36 MEN'S PREFERENCES FOR PROSTATE CANCER SCREENING: A DISCRETE CHOICE EXPERIMENT

Friday, October 19, 2012
The Atrium (Hyatt Regency)
Poster Board # 36
Decision Psychology and Shared Decision Making (DEC)

Esther W. de Bekker-Grob, PhD1, Bas Donkers, PhD2, John M. Rose, PhD3, Marie-Louise Essink-Bot, MD, PhD4, Chris H. Bangma, MD, PhD1 and Ewout W. Steyerberg, PhD1, (1)Erasmus MC - University Medical Center Rotterdam, Rotterdam, Netherlands, (2)Erasmus University Rotterdam, Rotterdam, Netherlands, (3)University of Sydney, Sydney, Australia, (4)Social Medicine, Amsterdam, Netherlands

Purpose: To determine men’s preferences for prostate cancer (PC) screening, and to elicit the trade-offs they make.

Method: A discrete choice experiment (DCE) was conducted among a population based random sample of 1,000 elderly men (55-75 years old).
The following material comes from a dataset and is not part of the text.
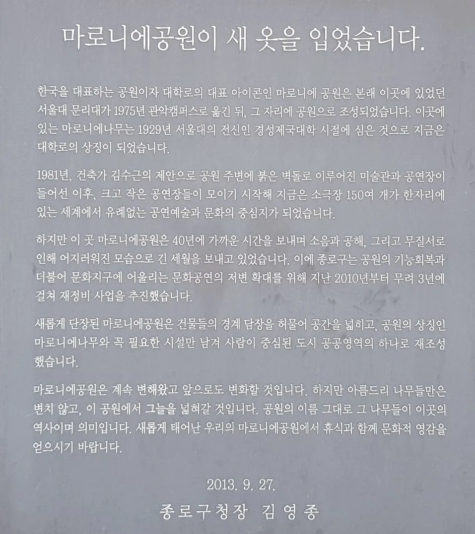 서울대 문리대가 1975년 관악캠퍼스로 옮긴뒤 그자리에 공원으로 조성 되었고, 마로니에 나무는 1929년 서울대의 전신인 경성제국대학 시절에 심은 것으로 지금은 대학로의 상징이 되었고, 2010부터 3년에 결쳐 이곳을 재정비 하였다고 합니다.
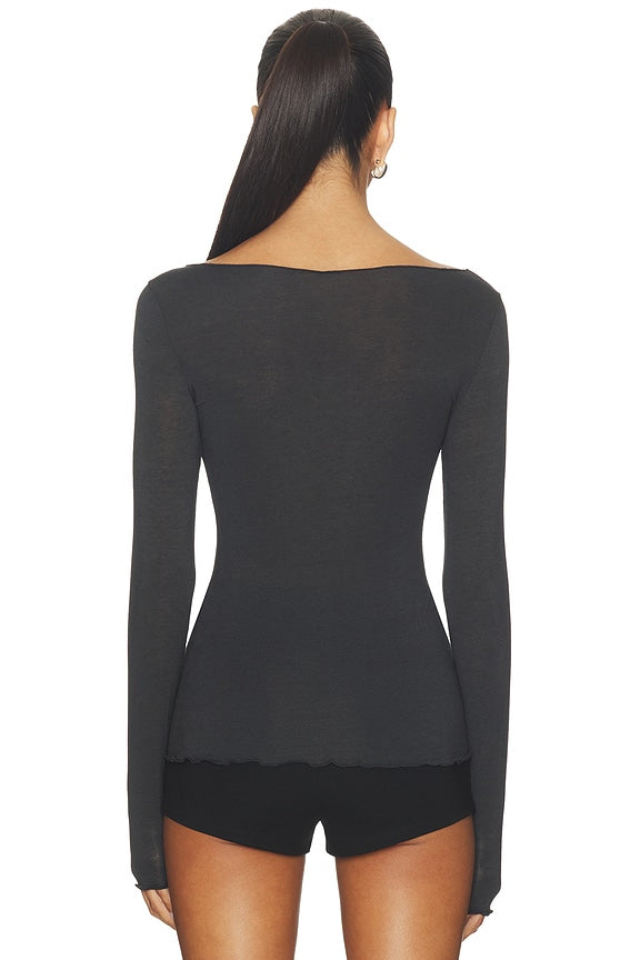 Skims Sheer Modal Long Sleeve Top in Onyx

A panel latent class model was used to determine men’s preferences for PC screening. Trade-offs were quantified between five PC screening programme aspects: risk reduction of PC related death, screening interval, risk of unnecessary biopsies, risk of unnecessary treatments, and out-of-pocket costs.

Result: The response rate was 46% (459/1,000). Respondents and non-respondents did not differ in age (p=0.44) or marital status (p=0.62). All five PC screening aspects significantly influenced men’s preferences, but preference heterogeneity was substantial. Men with higher educational levels had a lower probability to opt for PC screening than men with lower educational levels. In general, men were willing to trade-off 4.2% (CI: -6.8% to 18.6%) or 3.2% (CI: -6.1% to 15.3%) risk reduction of PC related death to decrease their risk of unnecessary treatment or unnecessary biopsy with 10%, respectively. They were willing to pay €214 per year (CI: -€372 to €932) to reduce their relative risk of PC related death with 10%, or €80 per year (CI: -€158 to €379) to get PC screening every 2 years instead of every 4 years.

Conclusion: Men were willing to trade off some risk reduction of PC related death to be relieved of the burden of biopsies or unnecessary treatments. Men with lower educational levels had a higher probability to prefer PC screening than men with higher educational levels. Increasing knowledge on over-diagnosis and overtreatment, especially for men with lower educational levels, is warranted to prevent unrealistic expectations from PC screening and to optimise informed choice.